Author's Note: Sorry to all for the longer than usual waiting time for this chapter. I know that it is rather short but By July I will try to have the next chapter up….don't hold me to it though.

Duty & Dignity Chapter 3

Bandaging the man's chest was quite a difficult task. Mr. Hornblower was in such a dire need of air that his chest wouldn't lay still for him to bandage the tube without damaging the lung tissue. It seemed as though he was trying to be still but was losing the battle against his body. This man's life was hanging in the gallows; awaiting the inevitable pull that would suffocate and murder him. Blood continually leaked from the puncture site and Kennedy would finally get the bandage right and have to redo if again. The one thing he would give to Clive was that his help knew how to bandage mighty well.

Mr. Kennedy finally finished and had to return to the "Atropos", after quickly calculating the risk of hoisting the stretcher in with tackles or carrying it over a plank, left instructions for Clive on Mr. Hornblower's new health issues. Horatio would now need anti-infection meds and to have his wounds cleaned at least three times a day. With one last look Kennedy glanced over Hornblower and prayed the entire way in the longboat back to the "Atropos".

His chest hurt like hell. Barely a breath had made it into his lungs in the last half hour and it must be by shear luck that he hadn't slipped into unconsciousness or suffocated. Sitting upright was a hard task because of the lost leverage of his legs; the weight of pressure nearly sent him into spasms from the throbbing pain in his lower extremities. Was it possible for a human being to live through such utter torture? Did his comrades endure this every battle? Questions combated his exhausted mind and threatened to overcome his mental ability to assess his body's problem. His head was beginning to bob at the loss of air and he knew that he soon would lose his sanity and enter delirium if air were not provided to his lungs.

Out of the corner of his eye he saw a man enter followed by Dr. Clive. This was an unknown figure and he seemed to be criticizing Clive for his abominable care of patients. The figure seemed to be answering to Dr. Kennedy; he whirled around in an instant and rushed over to his bed in four quick strides. Kennedy's hair was auburn brown, falling in uneven strands down his forehead, held together in the back by a black band. The color of his skin was an even tan, dark yet light. Though his most prominent feature were deep blue eyes, sparkling in the light cast by the rays of sun through the upper deck. Horatio's mind gathered all this in an instant.

An instant; such an immeasurable amount of time in which anything can happen or go wrong. His wounds were the result of an instant, his pain the result of an instant; even his conception that led to this insurmountable pain was the result of an instant. He could die in an instant, this is how he would wish to die, Horatio did not want to fade into oblivion with disease, he wanted to die in action with the wind on his face and the rain battering his broad cloth.

Dr.
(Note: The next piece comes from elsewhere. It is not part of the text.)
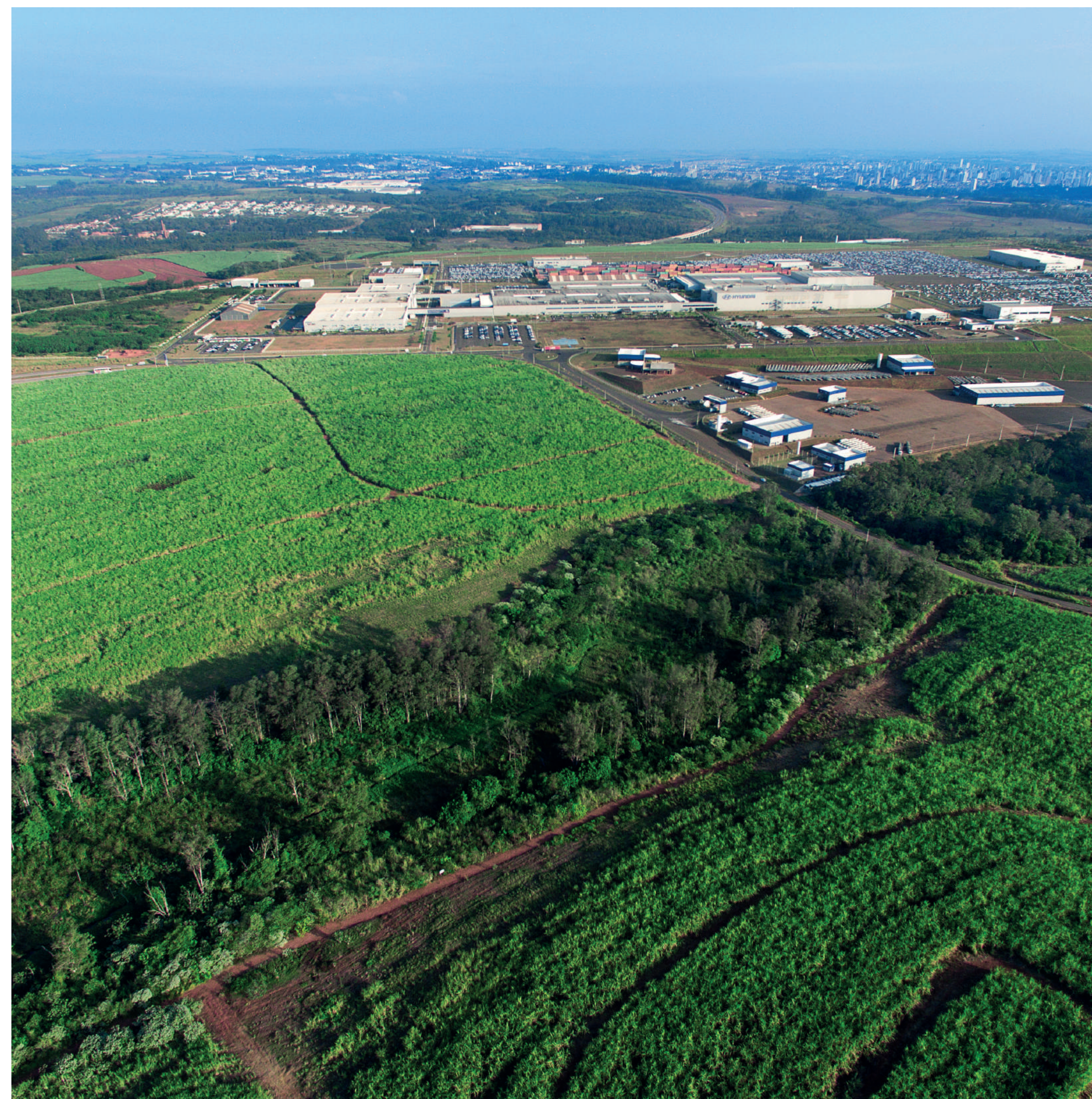
Hyundai plantó 48.000 plántulas de especies nativas cerca de la fábrica en Piracicaba y alcanzó la meta de “relleno cero”, no envía residuos a rellenos sanitarios.

Kennedy seemed to be talking to him now, but he could not make out words and his eyesight started to blur. The doctor was now yelling for something and seemed to be under considerable stress. Sitting on a stool nearby the doctor straitened his stock while awaiting the tools he had sent for. Twitching his neck cloth must have been a habit as a child, one that he never grew out of. Pulling the stool closer he continued to procure words from his mind that neither Hornblower could understand in his mental state, nor Clive in his ignorance.

A knife abruptly cut through the skin covering his left lung and agony tormented his brain; breathe and feel pain, or hold his breath and die. The doctor was now thrusting some peculiar instrument down his lung. Suddenly Horatio could breathe, the obstruction was gone. Pain still fought the puncture mark but the pain was welcome as long as he had avoided the ever-nearing delirium. Delirium was new, pain he was long accustomed to.

The doctor was now bandaging his sweaty chest. Kennedy gave him a look that could be interpreted as understanding or judgment clouded with concern. This look gave way to a brick wall in his mind, one that thought all human beings judged one another on the spot, the wall that was built so nobody could tell his emotion; crumbling down in pieces. This look gave Horatio theories to ponder while fighting to survive the next few hours.

His cot was only a measly four feet away at most, yet he was too weary to even bring himself to fall upon it. Hornblower's case had brought back memories from the past, reveries he did not wish to dwell upon. The young man was familiar in a sense to him, perhaps even similar. Both him and Archie couldn't stand being off to the side when they could be of service. Yet, familiar seemed more appropriate. The brown hair and ovular face, which Kennedy had seen so often before, seemed apparent in this man's features.

Archie could not bring himself to become suspicious of this poor lad of a man, not when he would be his most critical patient, not when he might enter surgery with this man alive and screaming to be let from the torture chamber he would surely be in, not when he was as familiar to him as his own son. Not when he was as similar as his own son.